De surcroît, que pourraient bien penser ces individus qui seraient libérés de leur travail par la technique ? Si la
mécanisation les remplace efficacement, c’est qu’ils étaient déjà devenus machine à force de répéter les mêmes gestes à longueur
de journée : ce ne sont pas des hommes en pleine possessions de leurs moyens humains qui sont évincés de la production, mais
des êtres vides qui sont moins que des machines puisqu’elles finissent par faire « mieux » qu’eux : en effet, les tâches que les
machines prennent en charge ne sont pas des tâches particulièrement humaines. Elles ne glorifient pas l’humanité de l’homme qui
les accomplit et même, les hommes sont déshumanisés avant d’être rejetés. De sorte que la libération ne leur serait d’aucun profit.
Ils n’ont pas été préparés par leur activité à cette humanité et peut-être même ne le souhaitent-ils pas : ils n'ont pas de savoir-faire,
pas de recul conscient qui pourrait offrir un sens critique, ni même leur permettre de donner un sens à leur vie. Si l’on voulait
qu’une libération ait véritablement lieu, il faudrait privilégier l’intérêt de l’homme avant celui de la production ou de l’économie et
faire en sorte de préparer les humains à une vie humaine, au lieu de veiller à leur employabilité et de les conditionner à une vie
laborieuse.
Peut-être faudrait-il alors accepter de diminuer véritablement le temps de travail (le limiter dans la journée, la semaine
ou la vie) ou verser à tous les citoyens un revenu minimal de manière à pouvoir encourager ces activités autonomes qui sont
spécifiquement humaines et que les machines ne peuvent pas prendre en charge sans les dénaturer : les activités de conception,
d’invention, d’imagination, de réflexion, de création et qui sont des activités gratuites et désintéressées, au sens où on les pratique
pour elles-mêmes. Si on prend le cas de l’artiste qui réalise une œuvre, sa création porte en elle-même la marque de celui qui l’a
réalisée, elle est le miroir de sa conscience, elle n’est pas un produit qui s’use et disparaît dans la consommation qui en est faite et
elle traverse le temps, pour témoigner de la présence de l’humain dans le monde. Mais ce sont des activités qui ne sont pas
productrices, qui exigent la liberté et qui en témoignent : leur promotion ne peut relever que d’un choix politique et économique.

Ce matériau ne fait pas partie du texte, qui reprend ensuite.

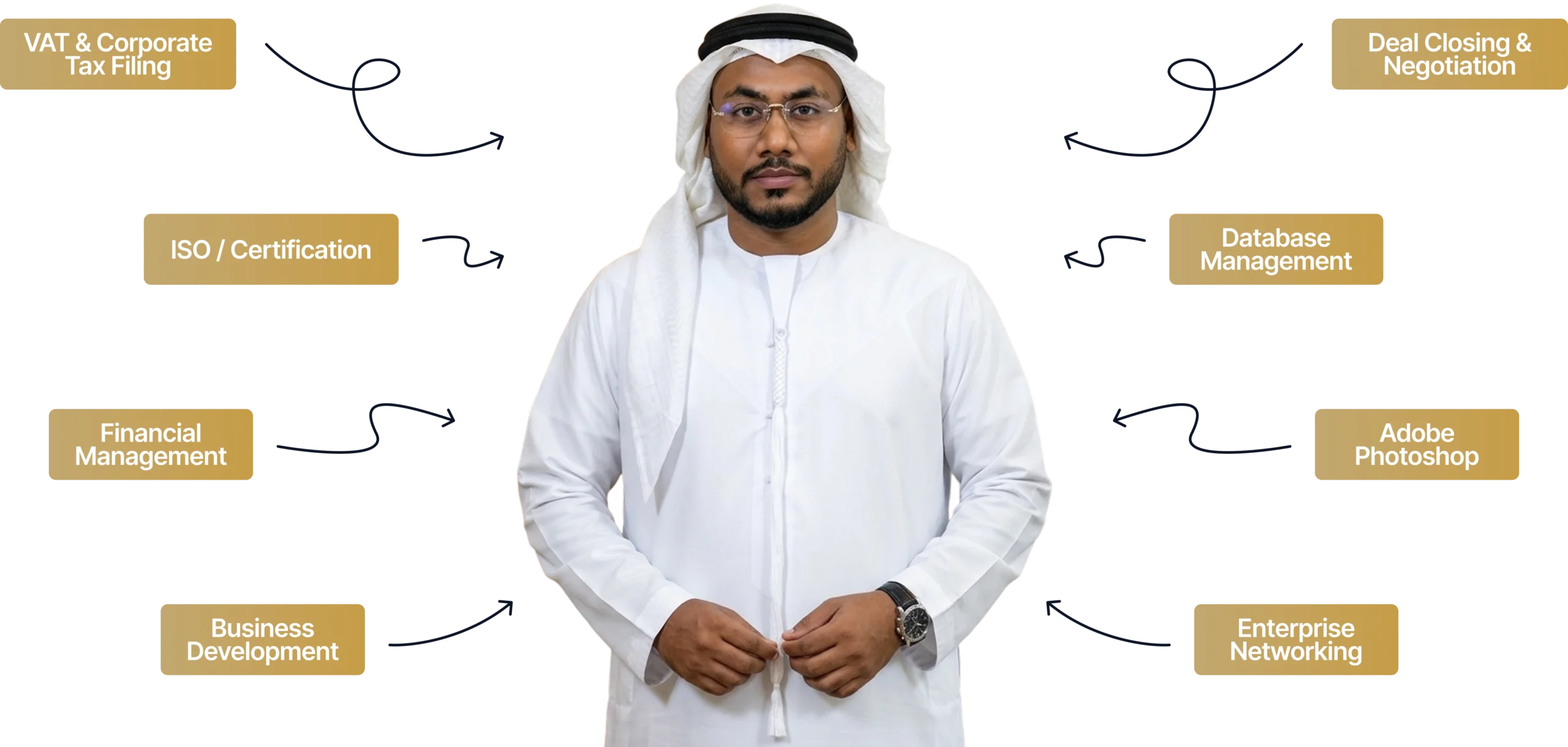 Seasoned financial and business development professional with over 10 years of experience in UAE corporate finance, VAT & Corporate Tax compliance, executive leadership, and multi-industry consulting. Proven track record managing financial operations across 15+ companies spanning oilfield, real estate, transport, trading, and contracting sectors. Known for restructuring organisations, achieving top ICV scores, and driving measurable growth.
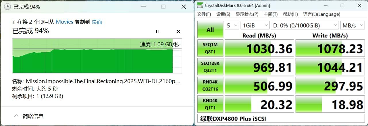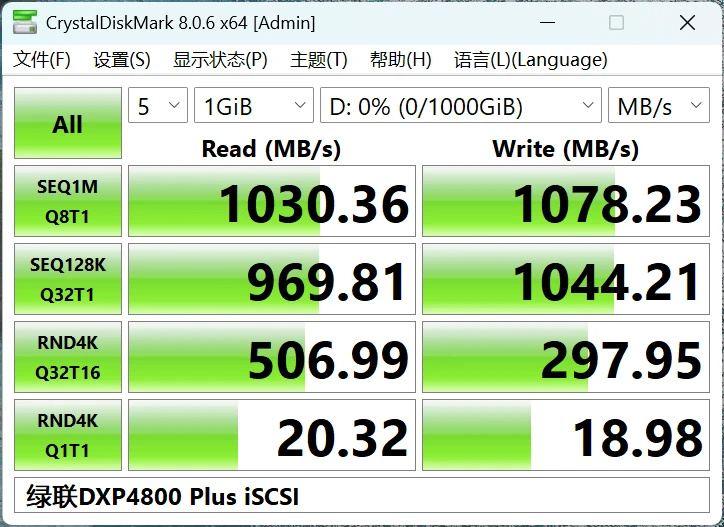 给这个iSCSI分区用CrystalDiskMark测一下性能,这速度要比SATA SSD还要好得多了,当个STEAM游戏盘或者素材存储盘完全没问题:
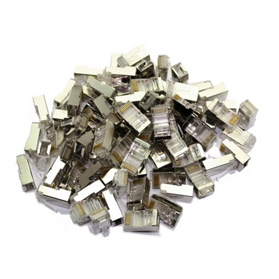 Plug Rj45 schermato di alta qualità e basso costo, viene utilizzato per il cavo Cat5. I connettori schermati permettono un cablaggio semplice e immediato, realizzati in plastica dura per una maggiore resistenza. Sono dotati di una schermatura in alluminio che li differenzia da quelli non schermati per una maggiore protezione,affidabilità e durata nel tempo. Tale schermatura fà si che la trasmissione del segnale sia più stabile e migliore.
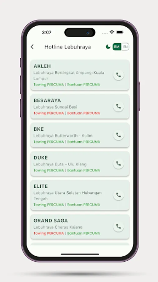 - Panggilan Hotline lebuhraya Malaysia

La technique ne peut libérer l’homme du travail que si la libération effective à lieu, c’est-à-dire en fonction de choix
politiques et économiques. Toutes les conditions sont réunies à partir du moment où la mécanisation et l’automatisation prennent
en charge les gestes les plus contraints, les plus pénibles et les plus fatigants. Mais la question de savoir si nous le voulons mérite
d’être posée : sommes-nous disposés à habiter notre temps de vie par des activités que nous aurions choisies de manière
autonome et qui exalteraient notre humanité amoindrie par le système du travail aliéné ? C’est aux travailleurs eux-mêmes de
décider si leur vie mérite d’être vécue autrement, à condition de pouvoir en prendre conscience.